A recent workshop on Transforming Australia’s Resource and Energy Governance brought together Australia’s leading scholars on environmental politics and policy to address the past, present, and future of environmental governance.

The workshop, conducted at Flinders at Victoria Square on 26–27 September, brought researchers from across Australia together with representatives from  Lock the Gate, the Australia Institute, The Department of Environment and Water and universities across the country.

A takeaway theme was ‘decarbonised futures – how we get from here to there’. Rebecca Pearse’s (University of Sydney) comments on day one led us to ask: should we be thinking about revolution or reform? Is conflict functional or dysfunctional and how can/is conflict transformative and generative in this space?

We discussed just transition – both economic and social, as strategy and as need, as a political unity approach, as a way to move on from the narrow “moral” climate politics of many ENGOs (discussed by George Woods of Lock the Gate). However, taking the moral fight to industry, rather than to communities could be more effective.

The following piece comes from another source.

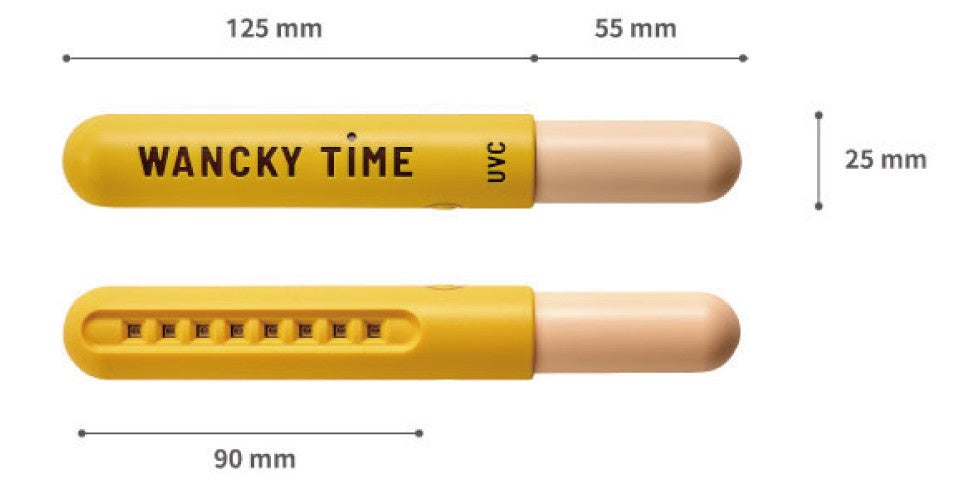 「WANCKY TiME」(ワンキータイム)は、紫外線の中で除菌力が高いUV-C LEDライトを8個搭載したポータブル除菌ライト。衛生面の気になる場面で約1秒かざすだけで99.9%除菌可能。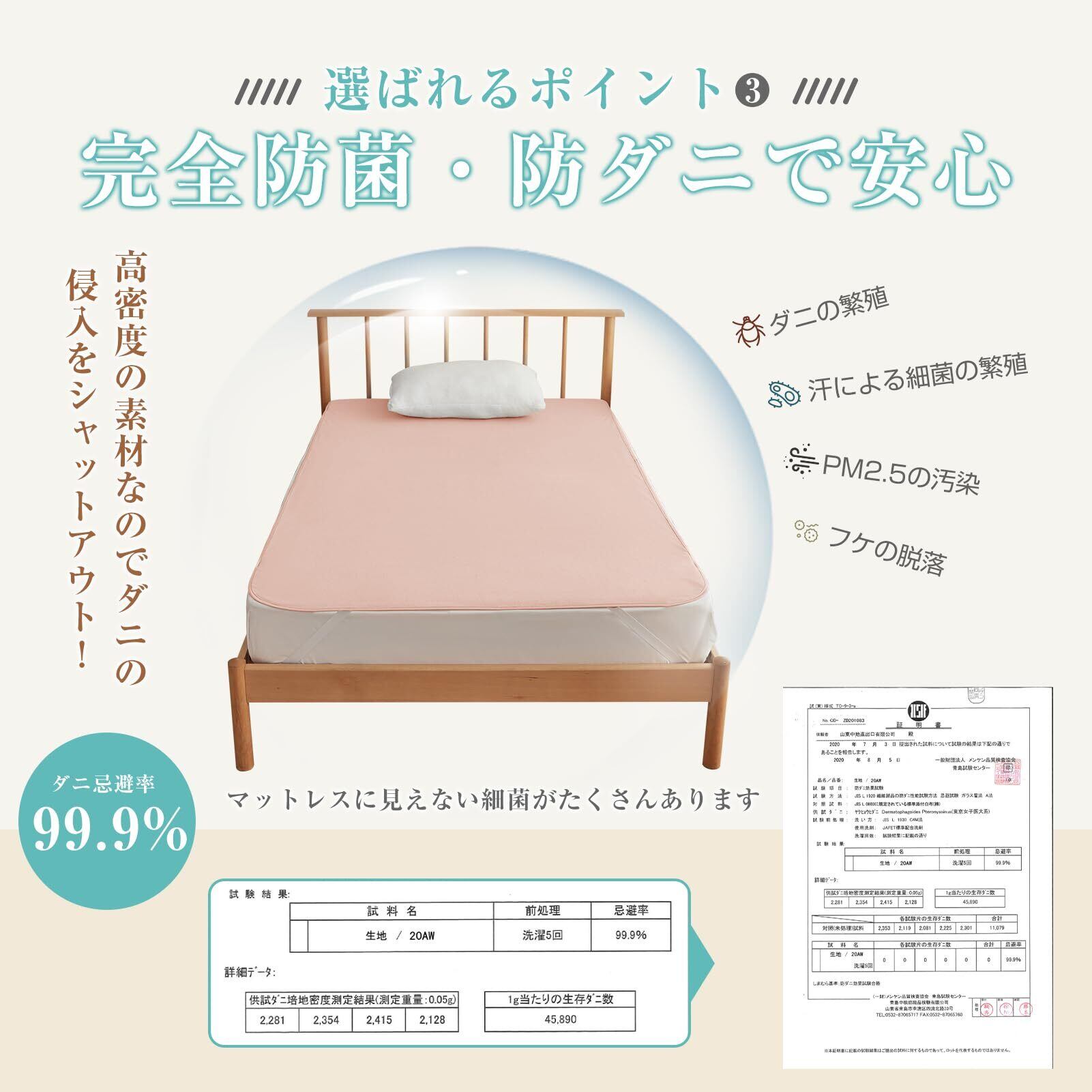 【お体に優しいダブル抗菌!】パイル地の基布と防水面は高密度素材を使用、細菌の繁殖を自然に抑えて、ダニの侵入もシャットアウトします。抗菌防臭効果には、SEKマークを取得し、清潔さにご安心できます。

Moral entrepreneurship in the divestment campaign is useful here – working on the delegitimisation and removal of social license for fossil fuels. The use of coalitions – NGOs, academics, and investor governance networks has helped utilise and leverage this moral entrepreneurship. This impact on finance does not work by moving shareholdings around, but by leveraging this pressure to move the costs of fossil fuel extraction, particularly in terms of lending and insurance. This leads to stopping new asset capitalisation, de-financialisation and stranding of assets, places a large cost of ending the era of fossil fuels onto capital, rather than communities, however, it does not contribute to just transition.

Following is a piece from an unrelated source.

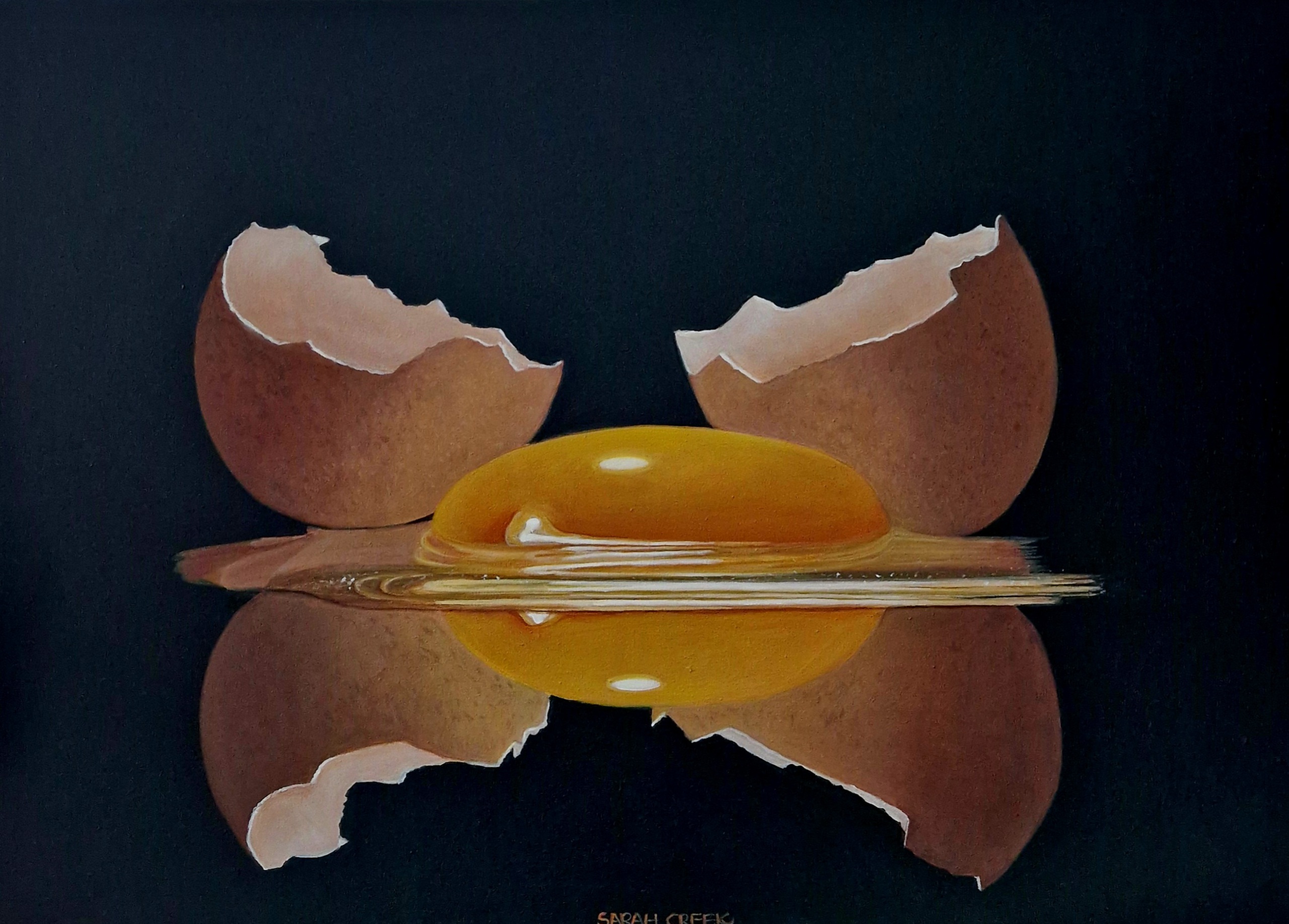 Gebroken ei op glasplaat. Met zwarte baklijst.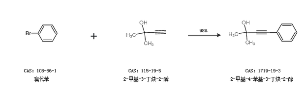 1.通过溴代苯和2-甲基-3-丁炔-2-醇合成2-甲基-4-苯基-3-丁炔-2-醇,收率约98%;

Can divestment and financial campaigning force the hand and strengthen the arm of the state into stronger regulatory commitments by increasing “coal contestation” – keeping in mind that different parts of the state are involved in this challenge, and the state is expected to enable development, regulate that development, and deal with the unintended and unfunded consequences of that development and then transition?

How do we transition in an economic and political context where mining externalises risk and the costs of transition to the state, but the state has neither the resources, the welfare infrastructure, the motivation or the ideological predisposition to effectively take, manage, or deal with the consequences of that risk?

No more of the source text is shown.